In this thesis, we approach the soft segmentation problem from two complementary properties of a photograph. Our first focus is representing images as a mixture of main colors in the scene, by estimating soft segments of homogeneous colors. We present a robust per-pixel nonlinear optimization formulation while simultaneously targeting computational efficiency and high accuracy. We then turn our attention to semantics in a photograph and present our work on soft segmentation of particular objects in a given scene. This work features graph-based formulations that specifically target the accurate representation of soft transitions in linear systems. Each part first presents an interactive segmentation scheme that targets applications popular in professional compositing and movie post-production. The interactive formulations are then generalized to the automatic estimation of generic image representations that can be used to perform a number of otherwise complex image editing tasks effortlessly.

The first problem studied is green-screen keying, interactive estimation of a clean foreground layer with accurate opacities in a studio setup with a controlled background, typically set to be green. We present a simple two-step interaction scheme to determine the main scene colors and their locations. The soft segmentation of the foreground layer is done via the novel color unmixing formulation, which can effectively represent a pixel color as a mixture of many colors characterized by statistical distributions. We show our formulation is robust against many challenges in green-screen keying and can be used to achieve production-quality keying results at a fraction of the time compared to commercial software.

We then study soft color segmentation, estimation of layers with homogeneous colors and corresponding opacities. The soft color segments can be overlayed to give the original image, providing effective intermediate representation of an image. We decompose the global energy optimization formulation that typically models the soft color segmentation task into three sub-problems that can be implemented with computational efficiency and scalability. Our formulation gets its strength from the color unmixing energy, which is essential in ensuring homogeneous layer colors and accurate opacities. We show that our method achieves a segmentation quality that allows realistic manipulation of colors in natural photographs.
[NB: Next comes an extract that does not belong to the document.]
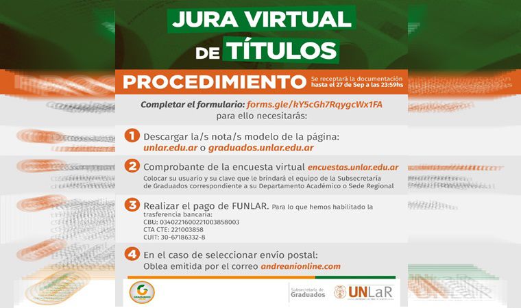 Al respecto, la subsecretaria de Graduados de la Casa de Altos Estudios, Cristina Uliarte -en diálogo con Radio UNLaR 90.9-, adelantó que la segunda instancia de entrega de títulos virtual se dividirá en dos turnos “a fin de que todos los graduados y graduadas aparezcan en pantalla al momento de la jura”; indicó, y agregó: “el primero dará inicio a las 9:30 y el segundo a las 11:30 de la mañana” del miércoles 30 de septiembre.

Natural image matting is the generalized version of green-screen keying, where an accurate estimation of foreground opacities is targeted in an unconstrained setting. We approach this problem using a graph-based approach, where we model the connections in the graph as forms of information flow that distributes the information from the user input into the whole image. By carefully defining information flows to target challenging regions in complex foreground structures, we show that high-quality soft segmentation of objects can be estimated through a closed-form solution of a linear system. We extend our approach to related problems in natural image matting such as matte refinement and layer color estimation and demonstrate the effectiveness of our formulation through quantitative, qualitative and theoretical analysis.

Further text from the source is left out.